Professor Medeiros presented a joint collaboration between Spanish and US researchers investigating the incidence and relevance of macrolide-resistant S. pneumoniae (MRSP) bacteremia. Microbiological data from 1,074 patients with S. pneumoniae bacteraemia was analyzed with 93 patients identified as having MRSP. The antibiotic histories of these patients were then reviewed.
Seventeen of the 93 MRSP patients developed their bacteremia while taking a macrolide. Fifteen had pneumonia and 2 had no identifiable source of infection. One patient also had meningitis. Patients failed therapy with newer macrolides and azalides, as well as with erythromycin.

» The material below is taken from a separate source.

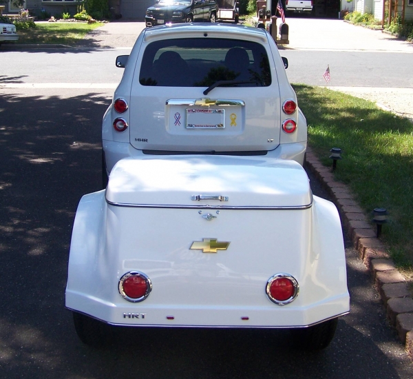 I love the way the tail lights match the HHR and the fact that those behind can see all the taillights together. Can you see the trailer when backing up? What does it weigh and how much weight can you put in it? Are the wheels and tires the same size as the HHR? If so, you got a full size spare there and you can take that little one out of your trunk. That will give you more storage space inside!
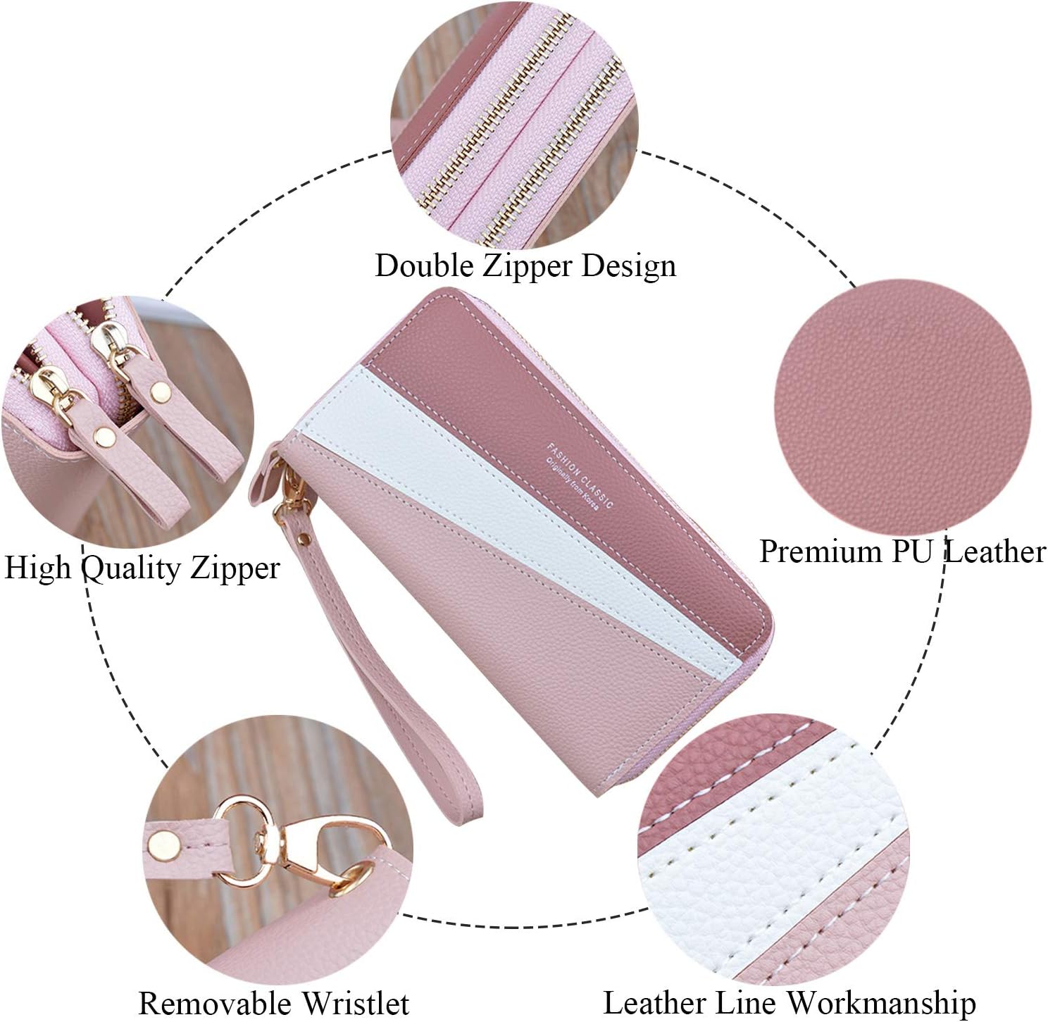Ladies Purse Wallet with Double Zipper Coin Purse PU Leather Phone Wallet for Women Large Capacity Long Clutch Wallet with Multiple Card Slots Wristlet Wallet (Pink3)

Twelve isolates had the MLS phenotype which was associated with the erm gene. Five US isolates had the M phenotype which was documented to be due to the mef gene. Nearly all of the MLS phenotype strains had minimum inhibitory concentrations to erythromycin of 128 micrograms per milliliter or greater. In contrast, those with the M phenotype had lower MICs to erythromycin. The 17 clinical failures presented in this study indicate that infection with MRSP is associated with reduced outcome, for both the MLS and M phenotypes.
The clinical relevance of resistance among uropathogens was investigated in a trial of empiric therapy of acute pyelonephritis comparing 7 days of fluoroquinolone therapy with 14 days of trimethoprim sulfamethoxazole. Compared to 90% for the trimethoprim sulfamethoxazole group, almost 100% of patients treated with the fluoroquinolone had a bacteriological cure a statistically better outcome. The fluoroquinolone group maintained a statistically better outcome at 22 to 48 days as well.
This also correlated with improved clinical cure for the fluoroquinolone group both at 4 to 11 days after treatment, and at an even greater statistical advantage at 22 to 48 days post-therapy.
The difference in outcome was due to resistance to trimethoprim sulfamethoxazole. The bacteriological cure rate was 50% in those with infection caused by resistant Escherichia coli and the clinical cure rate was only 35%. In patients with trimethoprim sulfamethoxazole-susceptible E. coli, the bacteriological and clinical cure rates were 96% and 92%, respectively. This data demonstrates that in vitro resistance of E. coli to a specific antimicrobial correlates with reduced efficacy in treatment with that agent.